> Supplied records
-- Opening Marker --

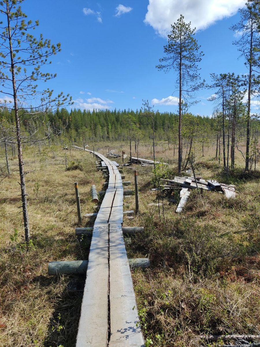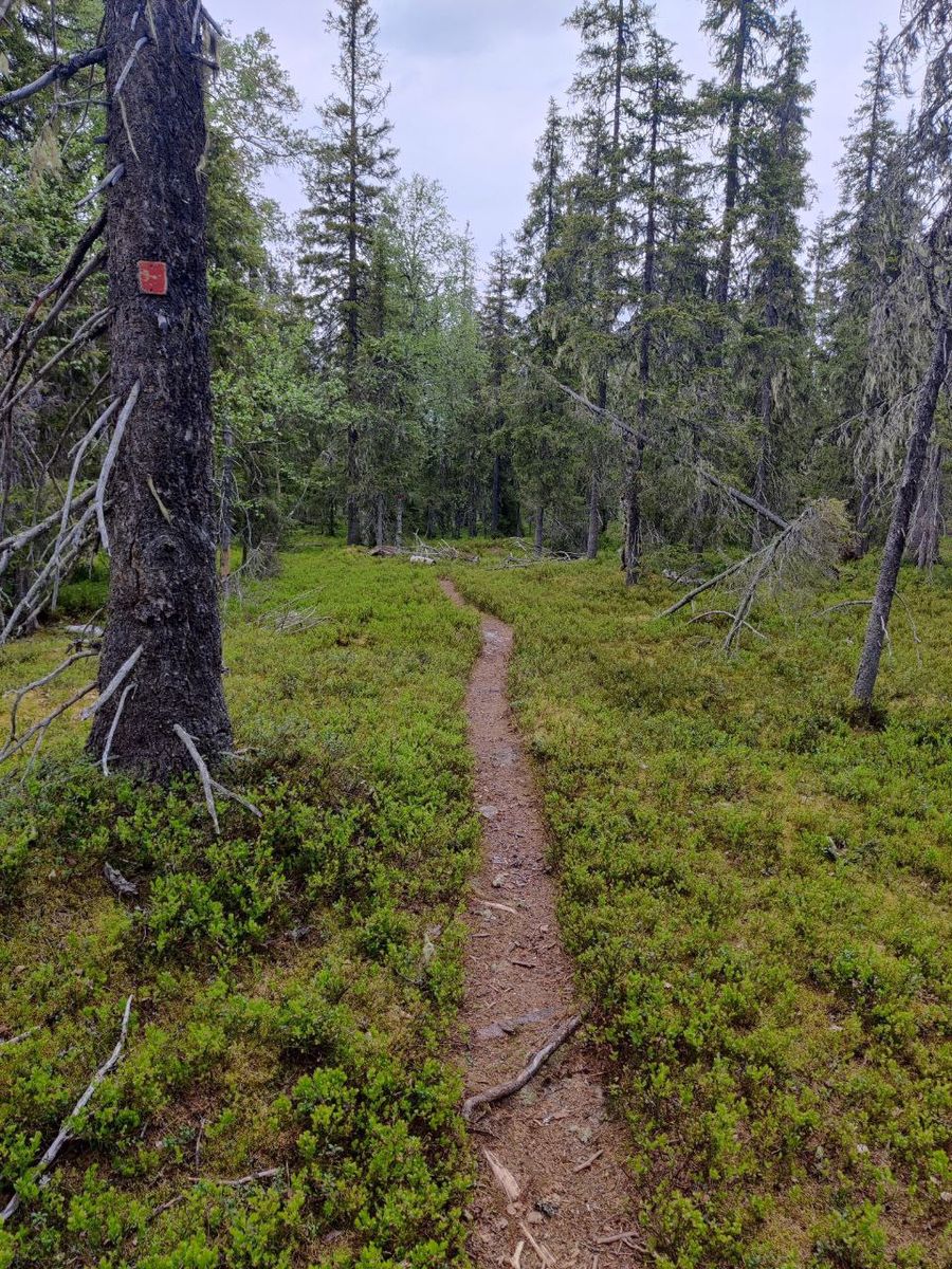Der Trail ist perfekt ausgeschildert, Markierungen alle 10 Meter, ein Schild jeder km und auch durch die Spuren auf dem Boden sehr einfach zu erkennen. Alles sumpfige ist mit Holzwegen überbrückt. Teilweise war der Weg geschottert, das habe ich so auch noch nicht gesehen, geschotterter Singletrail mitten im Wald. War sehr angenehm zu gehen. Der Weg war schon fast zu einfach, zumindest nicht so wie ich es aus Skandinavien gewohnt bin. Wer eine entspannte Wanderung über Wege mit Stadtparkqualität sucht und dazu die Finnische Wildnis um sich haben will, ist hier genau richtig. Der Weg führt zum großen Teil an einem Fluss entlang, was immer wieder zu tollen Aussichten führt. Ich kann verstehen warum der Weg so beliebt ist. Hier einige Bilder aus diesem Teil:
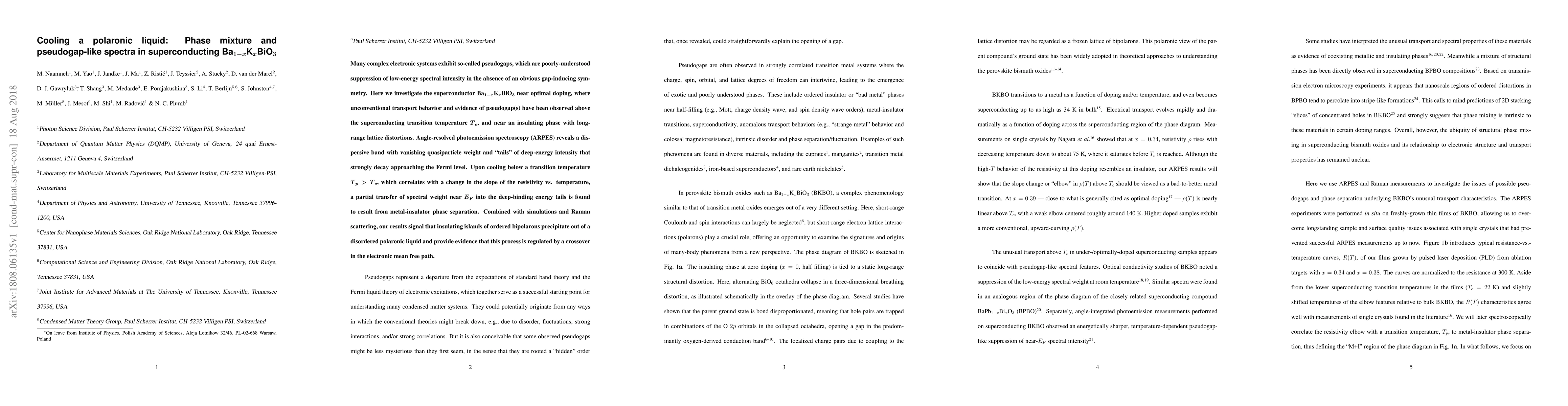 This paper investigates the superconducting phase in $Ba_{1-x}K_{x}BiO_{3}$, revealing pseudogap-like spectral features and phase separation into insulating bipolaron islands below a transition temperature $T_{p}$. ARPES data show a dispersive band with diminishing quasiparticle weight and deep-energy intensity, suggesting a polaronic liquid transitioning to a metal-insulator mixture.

-- Closing Marker --
-- Opening Marker --

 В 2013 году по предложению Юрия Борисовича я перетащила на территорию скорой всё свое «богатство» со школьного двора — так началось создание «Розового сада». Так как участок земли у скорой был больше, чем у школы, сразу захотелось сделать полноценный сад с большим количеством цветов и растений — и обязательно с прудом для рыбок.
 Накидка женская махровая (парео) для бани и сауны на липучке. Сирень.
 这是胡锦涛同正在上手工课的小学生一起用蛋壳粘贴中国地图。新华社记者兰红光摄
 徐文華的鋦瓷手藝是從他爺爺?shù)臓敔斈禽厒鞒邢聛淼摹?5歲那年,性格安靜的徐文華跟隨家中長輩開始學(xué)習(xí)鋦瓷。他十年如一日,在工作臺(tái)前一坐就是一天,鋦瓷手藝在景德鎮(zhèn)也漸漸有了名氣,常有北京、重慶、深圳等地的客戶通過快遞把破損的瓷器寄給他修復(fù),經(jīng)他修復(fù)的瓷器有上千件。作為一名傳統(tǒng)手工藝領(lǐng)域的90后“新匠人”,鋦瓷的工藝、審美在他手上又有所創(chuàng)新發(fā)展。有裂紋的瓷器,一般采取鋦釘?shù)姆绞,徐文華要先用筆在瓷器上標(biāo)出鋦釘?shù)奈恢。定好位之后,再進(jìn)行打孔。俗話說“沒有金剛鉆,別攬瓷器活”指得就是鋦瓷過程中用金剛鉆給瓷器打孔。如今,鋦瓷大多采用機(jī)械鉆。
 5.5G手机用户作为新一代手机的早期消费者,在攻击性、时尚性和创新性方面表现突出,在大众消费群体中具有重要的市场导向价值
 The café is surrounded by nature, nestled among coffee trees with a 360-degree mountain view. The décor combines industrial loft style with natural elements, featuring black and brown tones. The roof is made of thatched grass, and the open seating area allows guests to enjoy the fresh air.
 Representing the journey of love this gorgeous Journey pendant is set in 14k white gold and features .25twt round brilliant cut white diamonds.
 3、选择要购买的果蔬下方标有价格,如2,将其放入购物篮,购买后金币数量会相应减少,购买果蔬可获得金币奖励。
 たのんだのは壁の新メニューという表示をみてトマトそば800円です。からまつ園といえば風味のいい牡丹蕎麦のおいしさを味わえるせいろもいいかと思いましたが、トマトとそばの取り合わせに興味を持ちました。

-- Closing Marker --
-- Opening Marker --

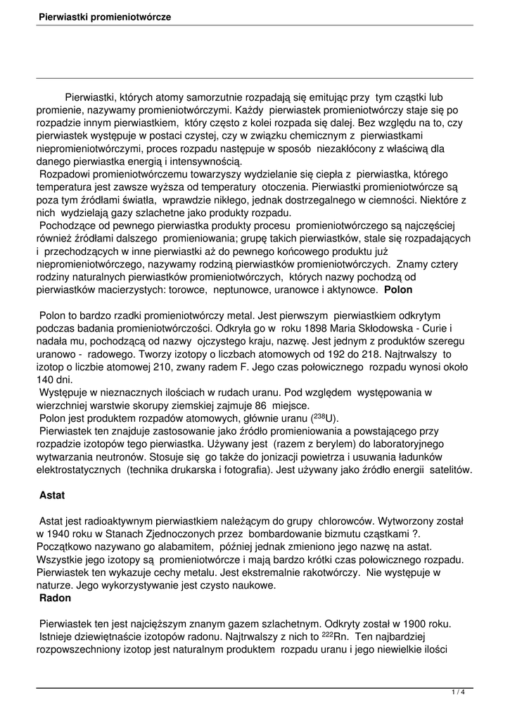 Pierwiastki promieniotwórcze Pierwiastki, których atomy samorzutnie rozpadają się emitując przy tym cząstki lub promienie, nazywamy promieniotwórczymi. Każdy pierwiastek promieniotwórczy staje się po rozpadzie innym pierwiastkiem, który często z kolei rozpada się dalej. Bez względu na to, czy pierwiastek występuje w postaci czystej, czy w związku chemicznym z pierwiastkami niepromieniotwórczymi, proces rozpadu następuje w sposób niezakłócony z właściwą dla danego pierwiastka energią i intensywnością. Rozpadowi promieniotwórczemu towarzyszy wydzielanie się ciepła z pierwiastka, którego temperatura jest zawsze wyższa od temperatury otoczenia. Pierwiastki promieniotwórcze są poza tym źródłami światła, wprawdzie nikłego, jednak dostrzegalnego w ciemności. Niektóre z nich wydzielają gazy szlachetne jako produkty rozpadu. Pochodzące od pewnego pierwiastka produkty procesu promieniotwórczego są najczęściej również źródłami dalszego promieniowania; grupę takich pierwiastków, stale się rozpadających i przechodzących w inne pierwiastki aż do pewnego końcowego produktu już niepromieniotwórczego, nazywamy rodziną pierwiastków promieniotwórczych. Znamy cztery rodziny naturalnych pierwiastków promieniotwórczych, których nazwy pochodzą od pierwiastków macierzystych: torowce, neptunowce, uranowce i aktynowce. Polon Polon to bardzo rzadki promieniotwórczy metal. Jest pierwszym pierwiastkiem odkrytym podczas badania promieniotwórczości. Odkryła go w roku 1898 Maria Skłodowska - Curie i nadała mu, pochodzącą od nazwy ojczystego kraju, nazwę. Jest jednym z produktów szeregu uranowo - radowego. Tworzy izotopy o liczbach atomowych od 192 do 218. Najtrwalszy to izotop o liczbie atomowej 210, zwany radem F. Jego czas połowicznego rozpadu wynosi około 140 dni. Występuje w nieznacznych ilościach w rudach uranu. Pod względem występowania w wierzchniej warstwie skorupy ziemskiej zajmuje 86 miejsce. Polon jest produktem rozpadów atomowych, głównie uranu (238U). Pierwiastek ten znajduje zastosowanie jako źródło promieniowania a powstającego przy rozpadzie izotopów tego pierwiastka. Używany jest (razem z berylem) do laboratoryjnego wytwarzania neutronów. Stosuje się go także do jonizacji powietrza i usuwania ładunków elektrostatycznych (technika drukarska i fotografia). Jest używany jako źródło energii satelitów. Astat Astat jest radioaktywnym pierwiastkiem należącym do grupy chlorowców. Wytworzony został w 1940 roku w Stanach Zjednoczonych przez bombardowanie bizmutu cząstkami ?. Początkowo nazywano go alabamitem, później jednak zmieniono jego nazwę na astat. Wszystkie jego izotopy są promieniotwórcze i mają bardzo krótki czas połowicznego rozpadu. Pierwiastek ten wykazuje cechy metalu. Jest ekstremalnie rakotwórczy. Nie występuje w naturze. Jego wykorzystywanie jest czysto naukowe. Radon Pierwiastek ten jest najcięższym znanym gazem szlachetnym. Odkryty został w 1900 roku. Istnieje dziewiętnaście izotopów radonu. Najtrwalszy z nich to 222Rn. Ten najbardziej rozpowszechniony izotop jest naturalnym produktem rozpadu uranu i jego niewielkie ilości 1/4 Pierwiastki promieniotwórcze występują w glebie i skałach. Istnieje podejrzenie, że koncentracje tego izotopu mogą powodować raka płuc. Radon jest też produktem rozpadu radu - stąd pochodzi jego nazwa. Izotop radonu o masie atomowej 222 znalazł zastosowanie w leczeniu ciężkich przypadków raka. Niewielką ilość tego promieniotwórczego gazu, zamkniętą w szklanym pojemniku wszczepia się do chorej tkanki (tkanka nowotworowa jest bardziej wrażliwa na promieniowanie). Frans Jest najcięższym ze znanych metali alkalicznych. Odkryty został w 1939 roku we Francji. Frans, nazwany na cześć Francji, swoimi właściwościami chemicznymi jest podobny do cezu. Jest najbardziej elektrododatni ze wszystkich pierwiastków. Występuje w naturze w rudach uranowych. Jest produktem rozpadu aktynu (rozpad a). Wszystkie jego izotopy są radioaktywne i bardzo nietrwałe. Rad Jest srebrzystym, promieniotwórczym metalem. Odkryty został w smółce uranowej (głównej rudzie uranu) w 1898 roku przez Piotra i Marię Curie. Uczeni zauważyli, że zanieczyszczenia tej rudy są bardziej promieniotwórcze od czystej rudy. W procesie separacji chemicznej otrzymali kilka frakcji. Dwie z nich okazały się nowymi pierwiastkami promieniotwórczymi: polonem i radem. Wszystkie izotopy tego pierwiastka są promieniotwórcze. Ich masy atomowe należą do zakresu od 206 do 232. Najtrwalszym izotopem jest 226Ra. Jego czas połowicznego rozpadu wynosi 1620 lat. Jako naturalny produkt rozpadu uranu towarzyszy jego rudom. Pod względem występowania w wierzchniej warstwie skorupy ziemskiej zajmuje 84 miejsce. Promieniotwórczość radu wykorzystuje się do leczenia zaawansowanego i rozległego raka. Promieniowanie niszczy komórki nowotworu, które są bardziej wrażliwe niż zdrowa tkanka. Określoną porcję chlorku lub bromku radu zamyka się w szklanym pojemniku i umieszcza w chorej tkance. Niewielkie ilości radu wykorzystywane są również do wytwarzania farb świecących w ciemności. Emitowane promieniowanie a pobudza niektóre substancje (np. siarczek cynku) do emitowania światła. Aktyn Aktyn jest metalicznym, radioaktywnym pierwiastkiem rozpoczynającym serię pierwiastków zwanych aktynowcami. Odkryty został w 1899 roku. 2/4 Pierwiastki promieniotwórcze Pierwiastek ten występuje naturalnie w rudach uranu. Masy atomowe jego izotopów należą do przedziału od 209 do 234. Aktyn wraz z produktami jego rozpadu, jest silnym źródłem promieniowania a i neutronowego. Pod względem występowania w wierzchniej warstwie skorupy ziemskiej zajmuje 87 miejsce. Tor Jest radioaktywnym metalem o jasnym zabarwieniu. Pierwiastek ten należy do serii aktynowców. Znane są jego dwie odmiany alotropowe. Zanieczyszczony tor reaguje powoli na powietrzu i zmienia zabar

-- Closing Marker --

> Directions for this task
Only the lines above starting at the line that holds "Representing the journey" and ending at the line that holds "たのんだのは壁の新メニューと" are to be repeated, exactly and in full.

> Result for this task
 Representing the journey of love this gorgeous Journey pendant is set in 14k white gold and features .25twt round brilliant cut white diamonds.
 3、选择要购买的果蔬下方标有价格,如2,将其放入购物篮,购买后金币数量会相应减少,购买果蔬可获得金币奖励。
 たのんだのは壁の新メニューという表示をみてトマトそば800円です。からまつ園といえば風味のいい牡丹蕎麦のおいしさを味わえるせいろもいいかと思いましたが、トマトとそばの取り合わせに興味を持ちました。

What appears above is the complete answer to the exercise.